▶ Collected material:

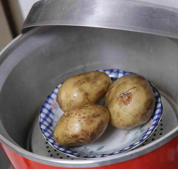 Step1:将马铃薯外皮洗净后整颗放入电锅,外锅倒入大概3~4杯水来蒸,让马铃薯蒸透。Tips:想要知道马铃薯有没有蒸透,可以用叉子叉叉看,叉得进去就可以了。
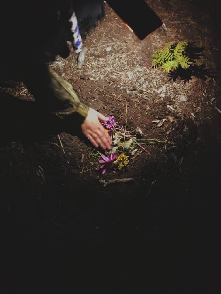 Exercises such as sonic meditations and generally spending time in nature can help declutter our minds and put us in direct contact with our more intuitive and sensing sides. Making use of this, I dedicated time at the end of the night to reflect on how we show up for ourselves, and to inspire care, compassion and courage when assessing this. I asked people to write down two things: something they wish to let go of and something they want more of. We then left the hill to the moon, and set off to bury our offerings in the small hole I had clumsily dug with a kitchen spatula earlier that day.
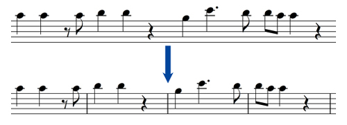 1段目と2段目は同じ音ですが、1段目は小節線を消してみました。
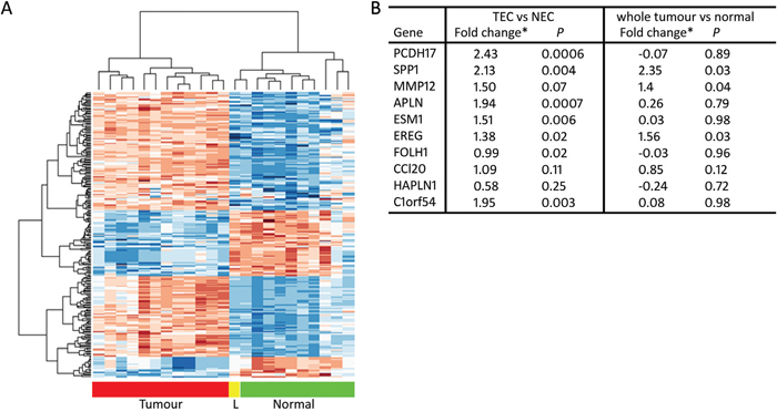 Figure 2: TEC-specific signature. (A) Heatmap showing hierarchical clustering of the 200 most significantly differentially expressed probe sets between TEC and NEC. Samples are depicted on the horizontal axis, genes on the vertical axis. “L” means liver metastasis. Within the heatmap, red is highly expressed and blue is lowly expressed. (B) Table representing microarray Limma fold changes and FDR-corrected p-value of TEC-specific candidate genes comparing TEC with NEC samples, as well as Limma fold changes and FDR-corrected p-value comparing whole tumour and normal tissues.

▶ Brief: Beginning with the line above that contains "Exercises such as" and ending with the line that contains "1段目と2段目は同じ音ですが、1段目は小節線を消してみました。", quote each line exactly, keeping out the pictures.

▶ Written response:
 Exercises such as sonic meditations and generally spending time in nature can help declutter our minds and put us in direct contact with our more intuitive and sensing sides. Making use of this, I dedicated time at the end of the night to reflect on how we show up for ourselves, and to inspire care, compassion and courage when assessing this. I asked people to write down two things: something they wish to let go of and something they want more of. We then left the hill to the moon, and set off to bury our offerings in the small hole I had clumsily dug with a kitchen spatula earlier that day.
 1段目と2段目は同じ音ですが、1段目は小節線を消してみました。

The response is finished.